An acidic bite to pair with a rich cutlet.
While today’s chicken cutlet recipe is the star of the plate, I’d be doing you an injustice if I didn’t also share this really simple recipe for an intense lemon and garlic dressing.
One of the obnoxious things I say about cooking (well, one of the obnoxious things I repeatedly say about cooking) is that it requires two things: knowing what to do, and knowing when you’re done. For me, this simple dressing is done before any oil is added. Lemon juice and zest, garlic, egg yolk, Parmesan, parsley, salt, and pepper. That’s it.
The result is lip-puckeringly delicious. If you find it too acidic for your taste, you can cut the lemon juice with a milder acid like rice vinegar, or you could add oil if you felt like you had to, or you could even stir in a little mayonnaise. But when you’re pairing this with something like the chicken cutlets, I’d suggest trying it on the lettuce (in this case, arugula) first.

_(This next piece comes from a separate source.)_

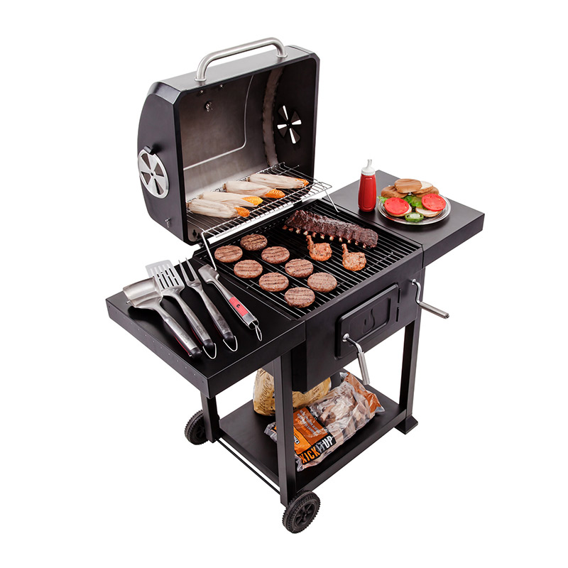 - Нижняя решетка для хранения угля: Удобно хранить запас угля непосредственно под грилем.

See, the dressing is very thin because there’s no oil. But it’s so thin that it forms a very thin coating. So it’s not nearly as overpowering on the plate as it is in concentration, and it gives just the right brightness to make the salad far more than an afterthought.
A note on the odd-looking croutons: these were actually the crusts of the bread that I cut off in making the fresh croutons for the cutlets. I sprayed them with some olive oil, sprinkled on some garlic salt, and toasted them in the oven. It was all of about twenty seconds of work, using stuff that was going to be thrown away.
While it may not be right for a dinner party, we’re just friends hanging out, aren’t we?
From Yesterdish’s recipe box.
Yesterdish Lemon And Garlic Dressing
- 1 egg yolk
- 1 Tbsp. persillade (or 1.5 tsp. each chopped garlic and parsley)
- lemon juice and zest to taste (I like zest of 1 and juice of 2)
- 1/3 c. Parmesan, or to taste
Mix, curiously enough. [What were you expecting?]